The synthesized voice generating unit 102 obtains the input text 10 from a user. Then, the synthesized voice generating unit 102 extracts prosodic information such as phoneme sequences, pauses, the mora count, and accents from the input text 10, and generates a synthesized voice 13. In order to adjust to the timing of embedding the digital watermark, it is necessary to have phoneme-based alignment regarding each uttered phoneme. For that reason, the synthesized voice generating unit 102 outputs phoneme-based alignment using the phoneme sequence, the pauses, and the mora count extracted from the input text 10. Then, the synthesized voice generating unit 102 outputs the synthesized voice 13 to the watermarked voice generating unit 104, and outputs the phoneme-based alignment 14 of the synthesized voice 13 to the embedding control unit 103.
The embedding control unit 103 receives input of the potentially risky segment 11 and the degree of risk 12 of the potentially risky expression as output by the estimating unit 101, as well as receives input of the phoneme-based alignment 14 output by the synthesized voice generating unit 102. Then, the embedding control unit 103 modifies the degree of risk 12 of the potentially risky expression as output by the estimating unit 101 into a watermark strength 15. The higher the degree of risk 12, the higher the watermark strength 15 is set.
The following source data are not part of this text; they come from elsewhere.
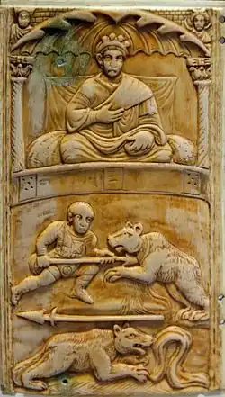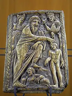 - ↑ Voir l'illustration du feuillet de diptyque représentant le baptême du Christ
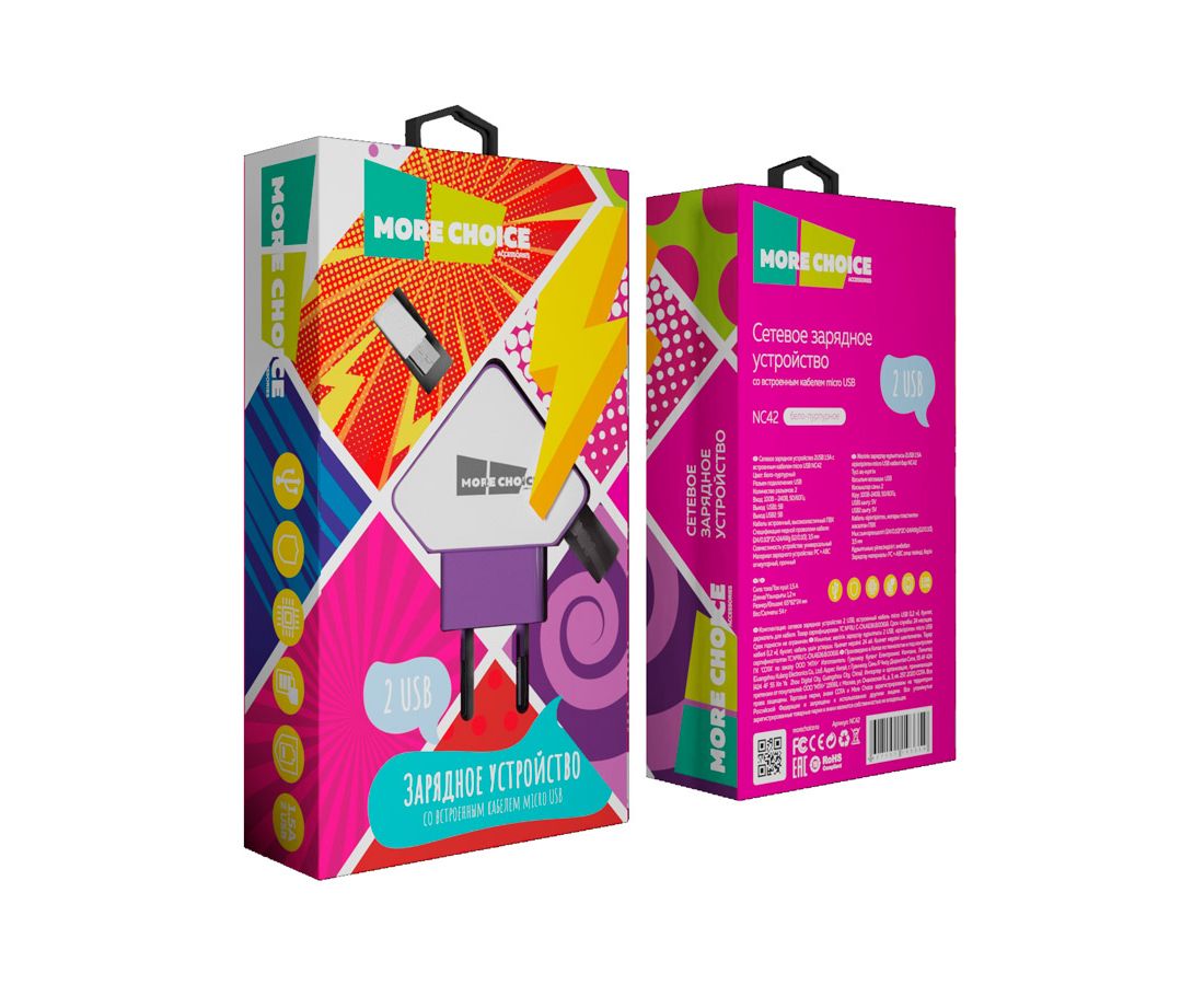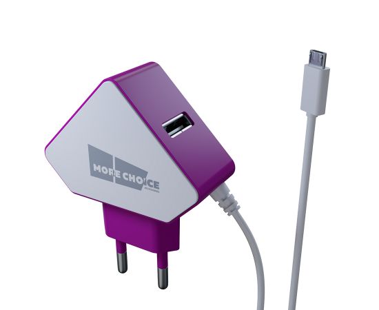 СЗУ 2USB 1.5A для micro USB со встроенным кабелем More choice NC42m (White Purple)
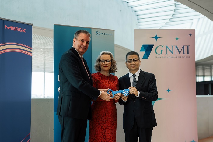 Schlüsselprojekt: GNMI-Vorstandsvorsitzender und -Geschäftsführer Su Ertian (rechts), empfängt den symbolischen Schlüssel für Susonity von Belén Garijo, Vorsitzende und CEO der Merck-Geschäftsleitung (Mitte), und Kai Beckmann, Merck-Vorstandsmitglied sowie CEO des Elektronikgeschäfts (links).
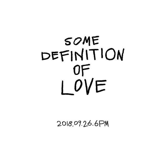 공개된 이미지 속에는 썸데프의 자필 폰트로 앨범명 ‘Some Definition of Love’와 발매일시를 나타내는 ‘2018.09.26.6PM’이라는 문구가 적혀있다.
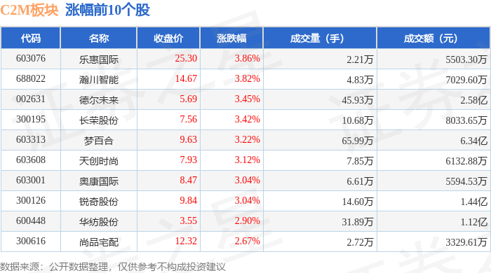 证券之星消息,10月20日C2M板块较上一交易日上涨0.17%,乐惠国际领涨。当日上证指数报收于3863.89,上涨0.63%。深证成指报收于12813.21,上涨0.98%。C2M板块个股涨跌见下表:
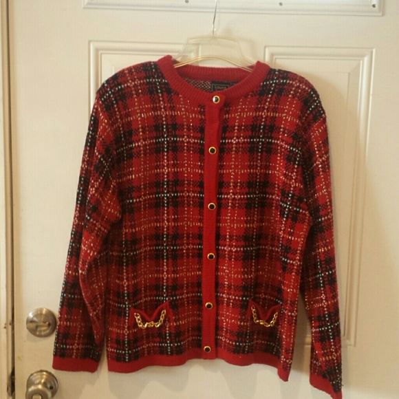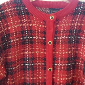 Beautiful red sweater/top with gold accents and gold threading. This is a deeper red not orange.
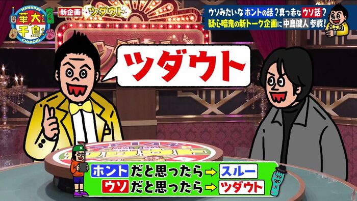 2月11日、『火曜は全力!華大さんと千鳥くん』が放送されました。今回は、ゲストに、中島健人さんを迎え、津田篤宏(ダイアン)さんが進行を務める冠企画「ツダウト」に挑戦。
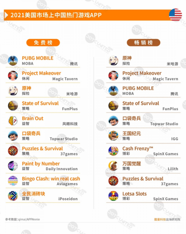 Kết quả danh sách trò chơi trên App Store tại Mỹ từ tháng 01 đến tháng 12 năm 2021 cho thấy trong số tất cả các trò chơi đến từ Trung Quốc, PUBG Mobile của Tencent và Genshin Impact của miHoYo lần lượt đứng đầu trong bảng xếp hạng game miễn phí và danh sách game có doanh thu cao nhất nhất.
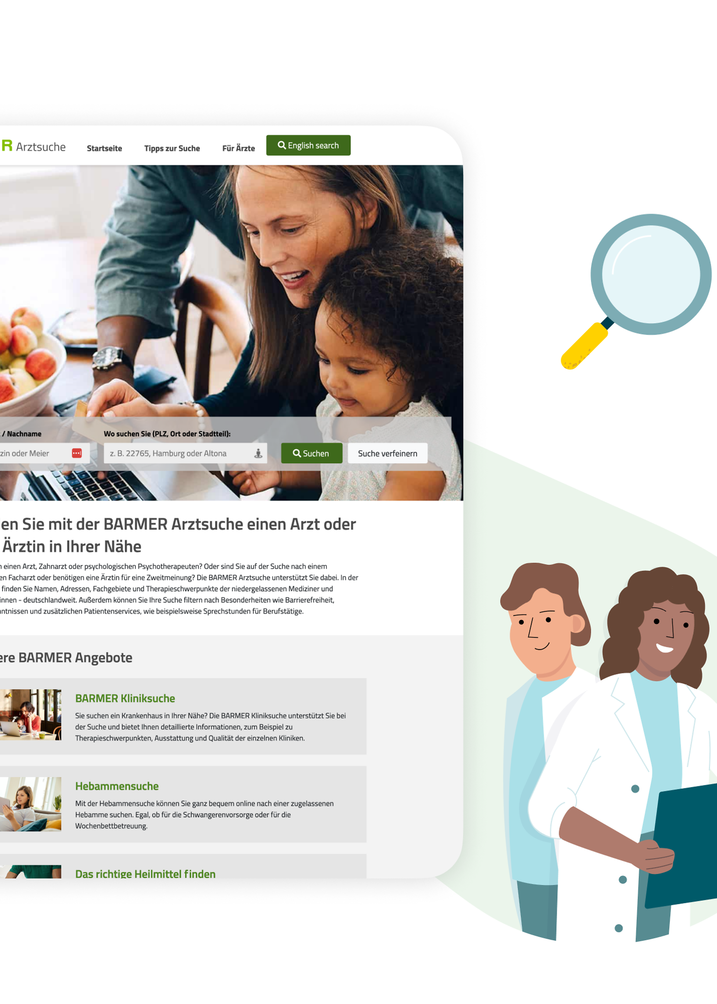 Über die BARMER Arztsuche können Sie nach Nachnamen, medizinischen Fachgebieten und Spezialisierungen sowie nach Ort oder Postleitzahl suchen. Auf diese Weise finden Sie bequem und unkompliziert medizinische Hilfe in ihrer Nähe.

The watermark strength has the property that, when the watermark strength is increased, noise tolerance and codec tolerance is enhanced and the accuracy of watermark detection is enhanced but an unpleasant noise is perceived when heard by a person. In the first embodiment, it is an object to accurately detect the potentially risky expressions that are included in the synthesized voice 13 and that pose a high degree of risk if misused. Hence, even if there is some degradation in the voice quality, it is desirable to set the watermark strength at a high level. Meanwhile, instead of setting the watermark strength 15 based on the degree of risk 12, the watermark strength 15 of the sections including potentially risky expressions can be set at a high level without exception.
Based on the potentially risky segment 11 and the phoneme-based alignment 14, the embedding control unit 103 calculates an embedding timing 16 for embedding a watermark. The embedding timing 16 represents information about the timing for embedding the digital watermark at the strength specified as the watermark strength 15. Then, the embedding control unit 103 outputs the watermark strength 15 and the embedding timing 16 to the watermarked voice generating unit 104.
The watermarked voice generating unit 104 receives input of the synthesized voice 13 output by the synthesized voice generating unit 102, and receives input of the watermark strength 15 and the embedding timing 16 output by the embedding control unit 103. Then, at the timing specified as the embedding timing 16, the watermarked voice generating unit 104 embeds a digital watermark having the strength specified as the watermark strength 15, and generates the watermarked-synthesized voice 17.
Given below is the explanation of a method by which the watermarked voice generating unit 104 embeds a watermark. Herein, a method for embedding a digital watermark needs to satisfy the following two conditions.
(1) at the time of generating the watermarked-synthesized voice 17, the watermark is embeddable in a potentially risky segment and the watermark is detectible
(2) the strength at which the watermark is embedded is adjustable
Explained with reference to FIG. 2 is a detailed functional configuration of the watermarked voice generating unit 104 that is capable of implementing a digital watermark embedding method which satisfies the abovementioned two conditions. As illustrated in FIG. 2, the watermarked voice generating unit 104 includes an extracting unit 201, a transformation implementing unit 202, an embedding unit 203, an inverse transformation implementing unit 204, and a resynthesizing unit 205.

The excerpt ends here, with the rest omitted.